*** Dataset records Section Begins ***

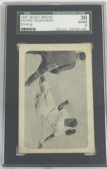 "Bread Bonds Jackie Robinson Sliding" Rookie Baseball Card is Good Condition "30 SGC 2"
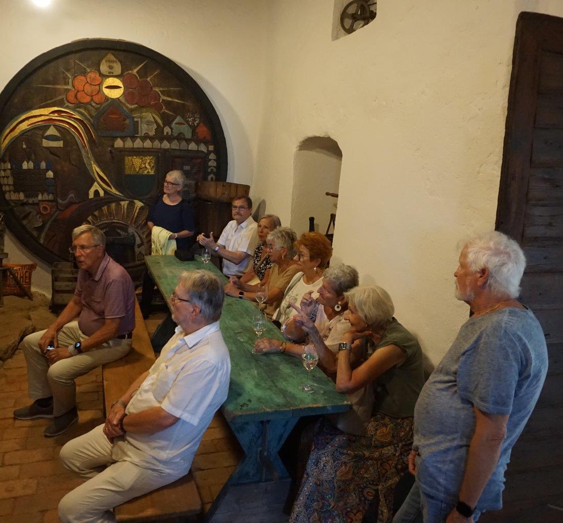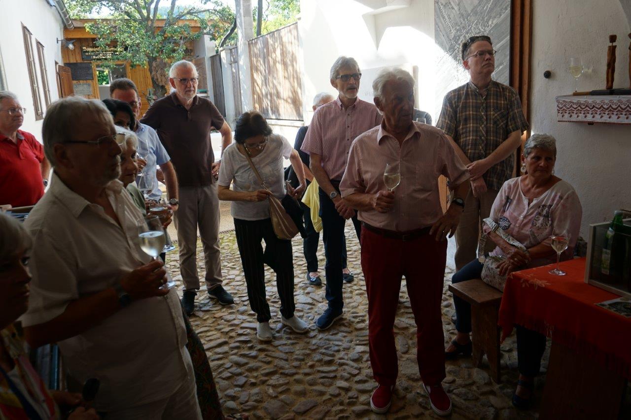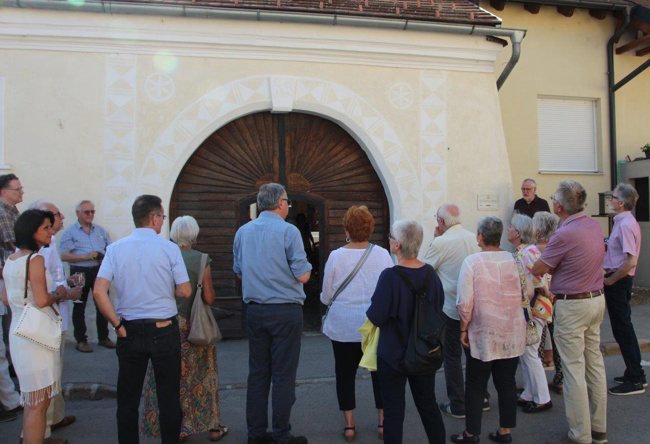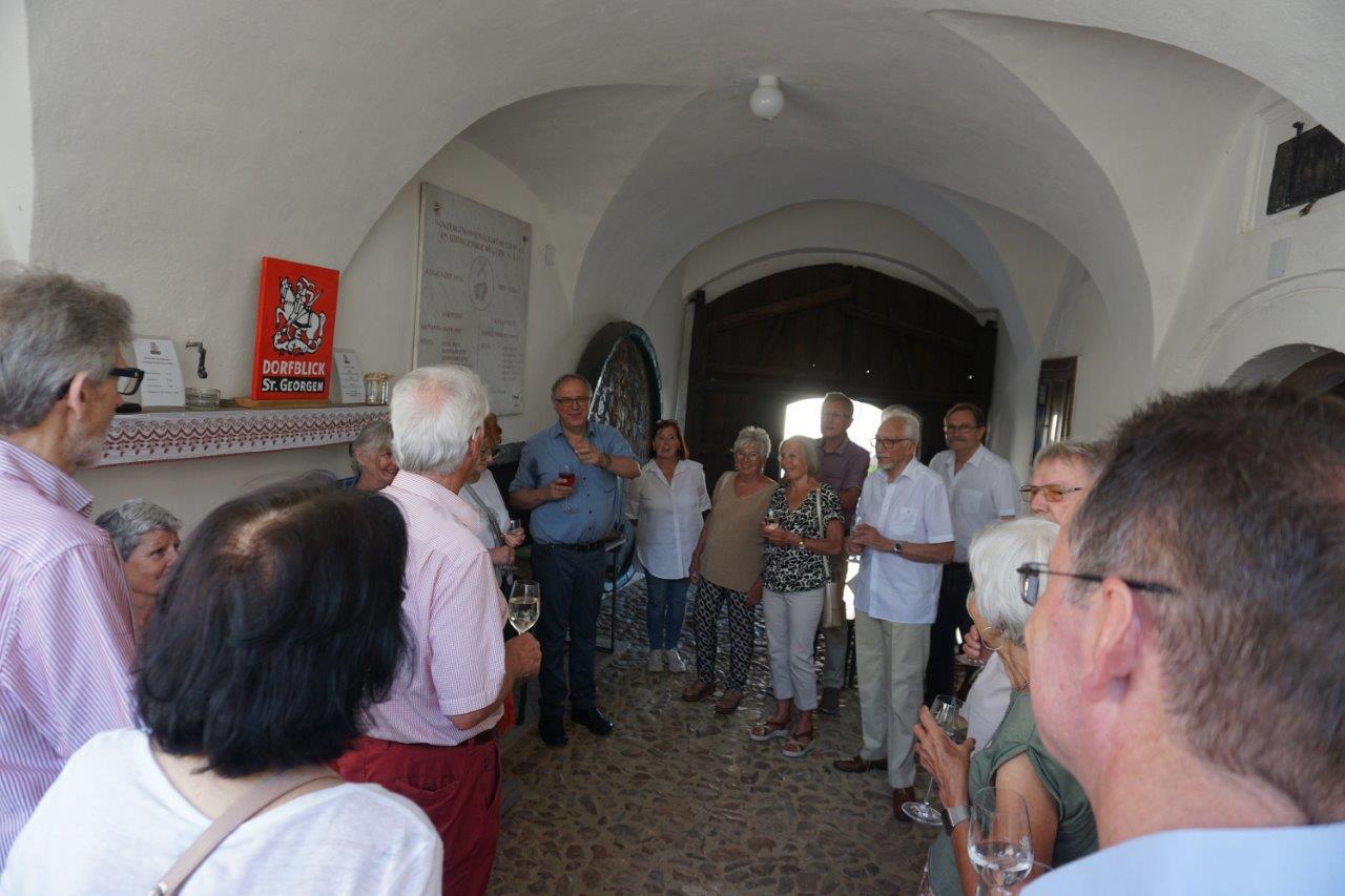Am 18. Juni 2024 besuchte der Lions Club Eisenstadt mit Gästen das alte Presshaus in St. Georgen, in welchem auch das Weinbau-Archiv und ein Schaudepot untergebracht sind. Der Obmann des Vereins „Dorfblick St. Georgen“, Mag. Dr. Erich Kummer, begrüßte 22 TeilnehmerInnen recht herzlich und erläuterte die Restaurierung, Adaptierung und Erweiterung des ältesten Hauses von St. Georgen (1640). Die Arbeiten wurden vom Verein Dorfblick St. Georgen in den letzten 26 Jahren initiiert und mit Unterstützung des Bundesdenkmalamtes, des Amtes der Burgenländischen Landesregierung, der Stadtgemeinde Eisenstadt und diversen Spendern durchgeführt.
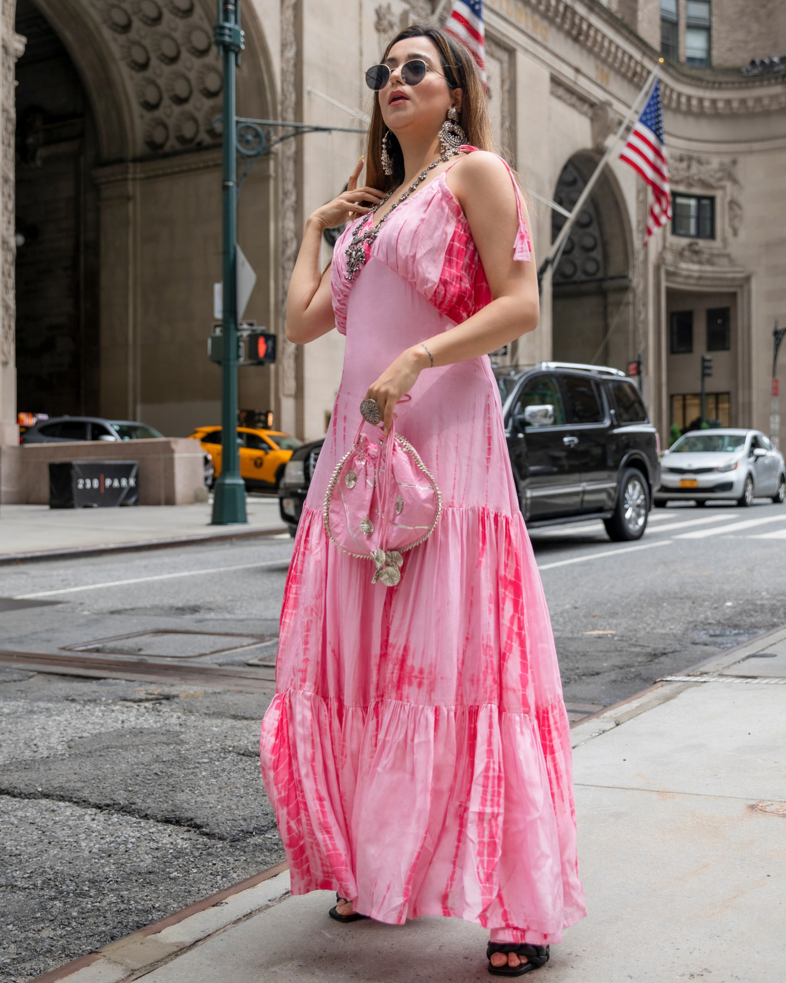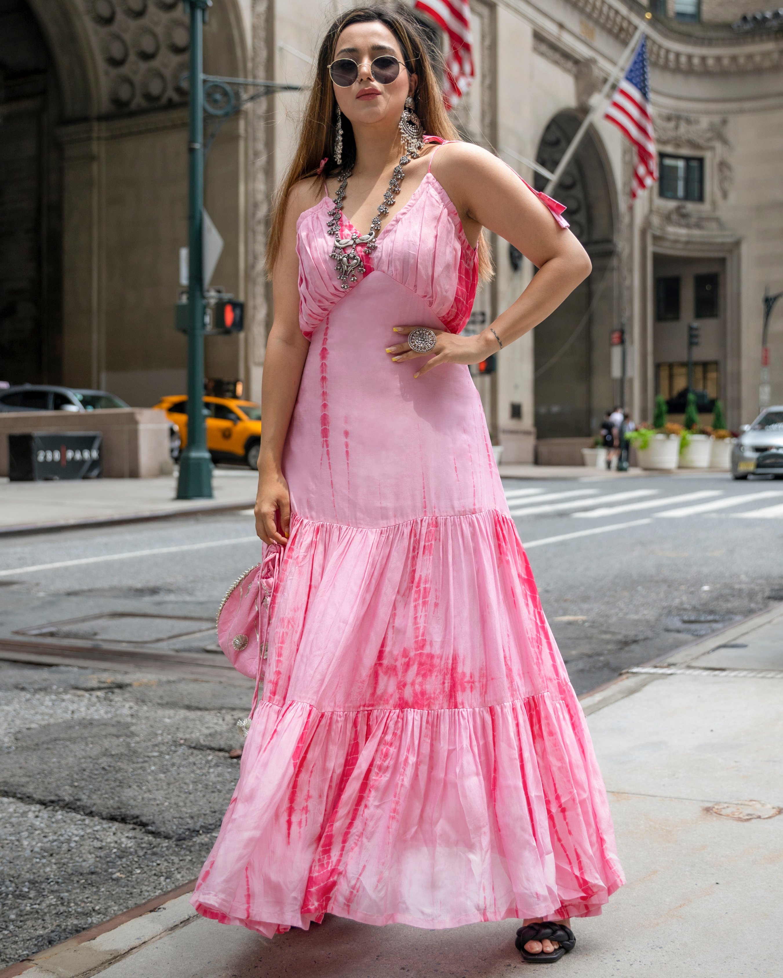 Pink Tie Dye Tier Dress . Color: Pink Dress Fabric: Silk Neckline: V CARE: Dry Clean Only Model Size: Model is wearing S Size Model Height: 5'7"...
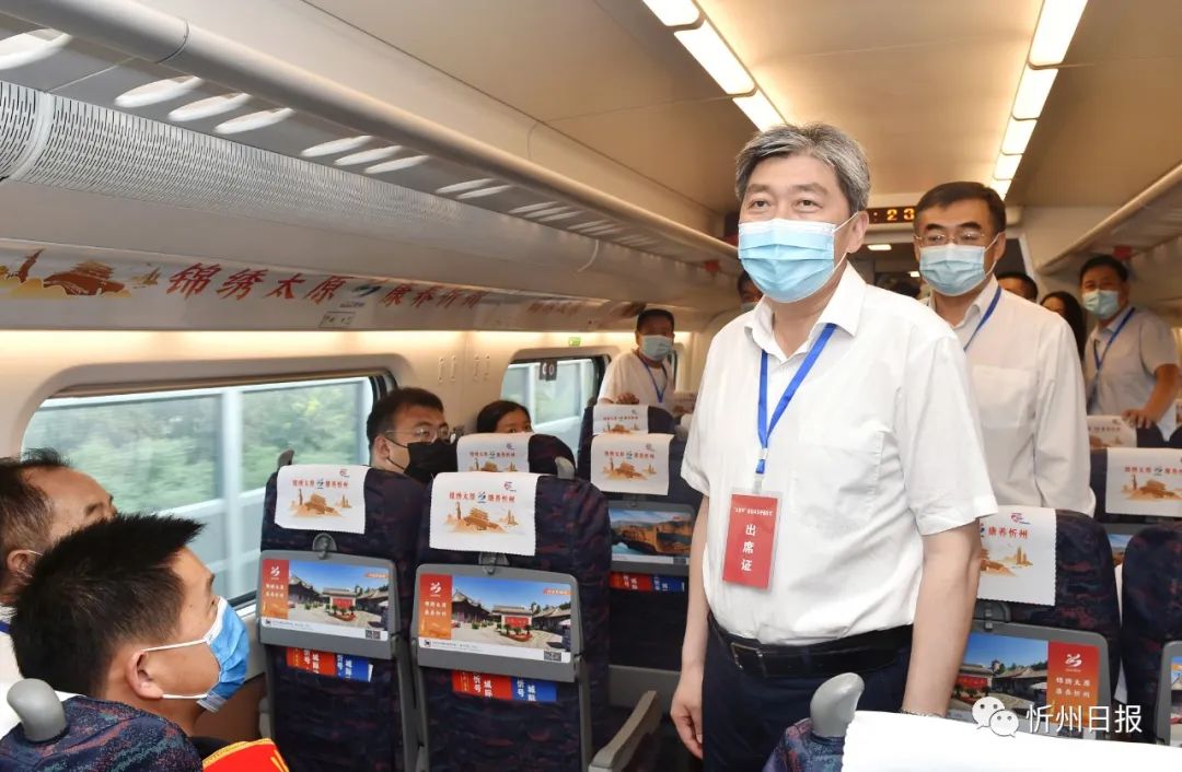 仪式结束后,朱晓东、李建国等一行共同乘坐以“锦绣太原·康养忻州”为主题包装打造、冠名“太忻号”的
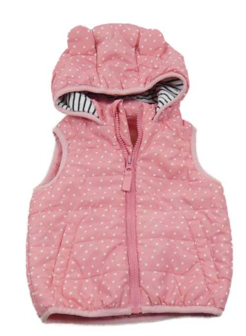 Svetloružová bodkovaná á šušťáková zateplená vesta s kapucňou Topomini
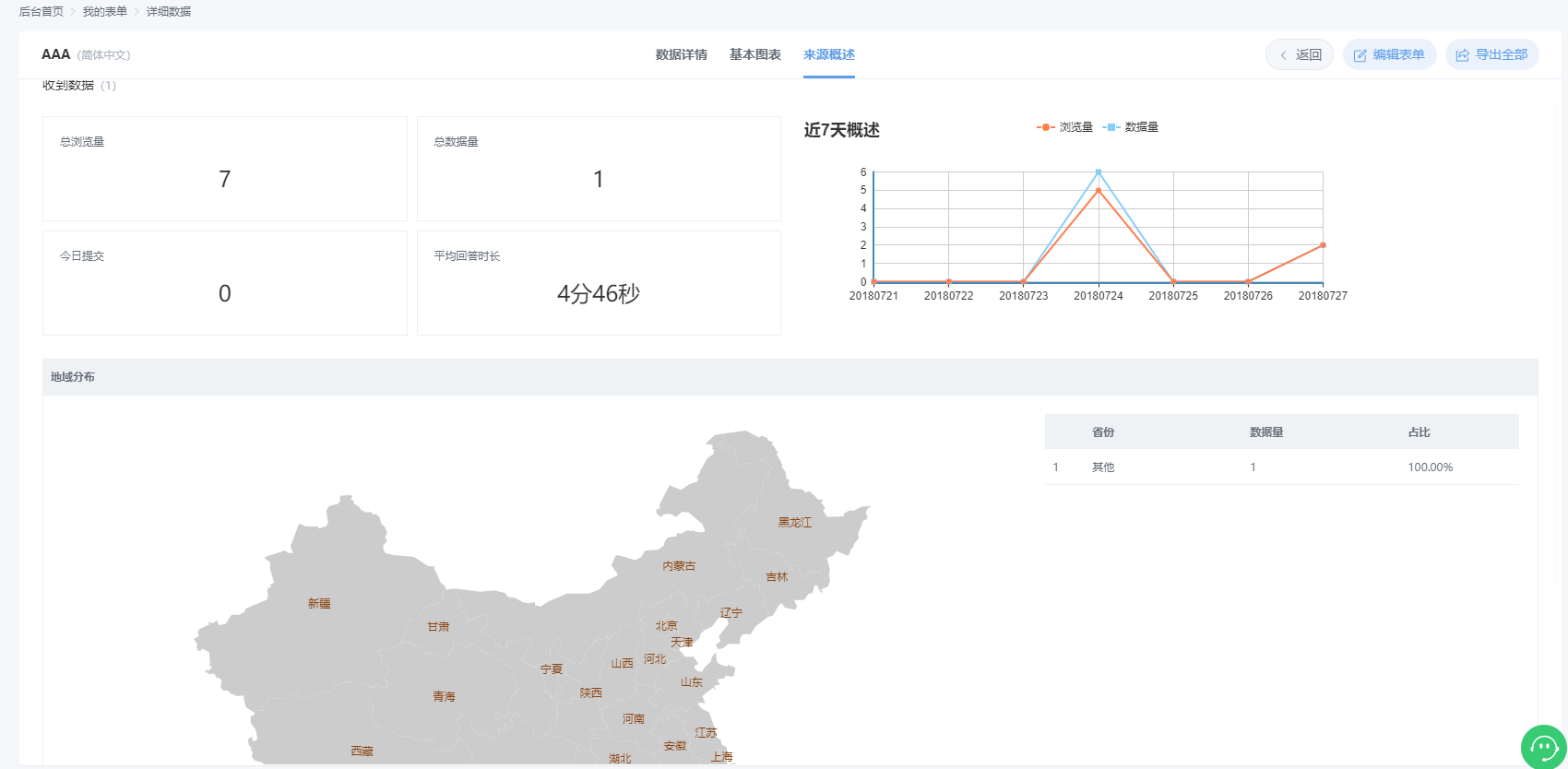 来源概述可以看到有当前表单的浏览、回答、平均回答时间的统计。而且可以看到是来自哪个地方的用户填充的表单。
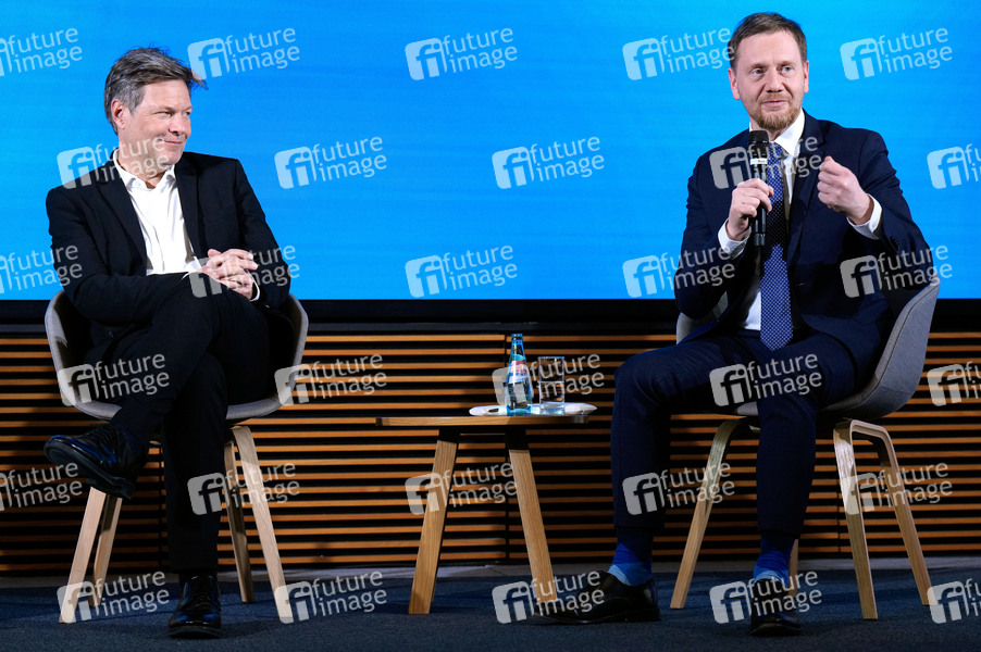 Politik, Politiker, Gespräch, Transformation, Wirtschaft, Wirtschaftsstandort, Bundeswirtschaftsministerium, Vizekanzler, Bundesminister für Wirtschaft und Klimaschutz, Bündnis 90/Die Grünen, Ministerpräsident des Freistaats Sachsen, CDU
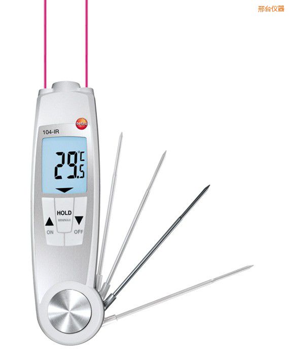 紅外及接觸式測(cè)溫二合一testo 104-IR配備精確的2點(diǎn)瞄準(zhǔn)激光,光學(xué)分辨率10:1,家用溫度計(jì)哪種好,測(cè)量范圍清晰可見,溫度計(jì)中的金屬元素,可隨時(shí)進(jìn)行快速并精確的表面溫度測(cè)量。二合一溫度測(cè)量?jī)x特別適用于食品進(jìn)貨檢測(cè)以及快速檢測(cè)單個(gè)或整箱食品的表面溫度。 刺入式溫度探頭適用于測(cè)量如肉類和香腸等食品的核心中心溫度。通常,在紅外表面溫度測(cè)量不足以判定食品安全的情況下使用。刺入式探頭在不使用時(shí)可通過折疊方式收入儀器中,以防折斷損壞。

*** Dataset records Section Ends ***

• Task statement
All of the data must be set down exactly, with no pictures included.

• Solution for this exercise
 "Bread Bonds Jackie Robinson Sliding" Rookie Baseball Card is Good Condition "30 SGC 2"
Am 18. Juni 2024 besuchte der Lions Club Eisenstadt mit Gästen das alte Presshaus in St. Georgen, in welchem auch das Weinbau-Archiv und ein Schaudepot untergebracht sind. Der Obmann des Vereins „Dorfblick St. Georgen“, Mag. Dr. Erich Kummer, begrüßte 22 TeilnehmerInnen recht herzlich und erläuterte die Restaurierung, Adaptierung und Erweiterung des ältesten Hauses von St. Georgen (1640). Die Arbeiten wurden vom Verein Dorfblick St. Georgen in den letzten 26 Jahren initiiert und mit Unterstützung des Bundesdenkmalamtes, des Amtes der Burgenländischen Landesregierung, der Stadtgemeinde Eisenstadt und diversen Spendern durchgeführt.
 Pink Tie Dye Tier Dress . Color: Pink Dress Fabric: Silk Neckline: V CARE: Dry Clean Only Model Size: Model is wearing S Size Model Height: 5'7"...
 仪式结束后,朱晓东、李建国等一行共同乘坐以“锦绣太原·康养忻州”为主题包装打造、冠名“太忻号”的
 Svetloružová bodkovaná á šušťáková zateplená vesta s kapucňou Topomini
 来源概述可以看到有当前表单的浏览、回答、平均回答时间的统计。而且可以看到是来自哪个地方的用户填充的表单。
 Politik, Politiker, Gespräch, Transformation, Wirtschaft, Wirtschaftsstandort, Bundeswirtschaftsministerium, Vizekanzler, Bundesminister für Wirtschaft und Klimaschutz, Bündnis 90/Die Grünen, Ministerpräsident des Freistaats Sachsen, CDU
 紅外及接觸式測(cè)溫二合一testo 104-IR配備精確的2點(diǎn)瞄準(zhǔn)激光,光學(xué)分辨率10:1,家用溫度計(jì)哪種好,測(cè)量范圍清晰可見,溫度計(jì)中的金屬元素,可隨時(shí)進(jìn)行快速并精確的表面溫度測(cè)量。二合一溫度測(cè)量?jī)x特別適用于食品進(jìn)貨檢測(cè)以及快速檢測(cè)單個(gè)或整箱食品的表面溫度。 刺入式溫度探頭適用于測(cè)量如肉類和香腸等食品的核心中心溫度。通常,在紅外表面溫度測(cè)量不足以判定食品安全的情況下使用。刺入式探頭在不使用時(shí)可通過折疊方式收入儀器中,以防折斷損壞。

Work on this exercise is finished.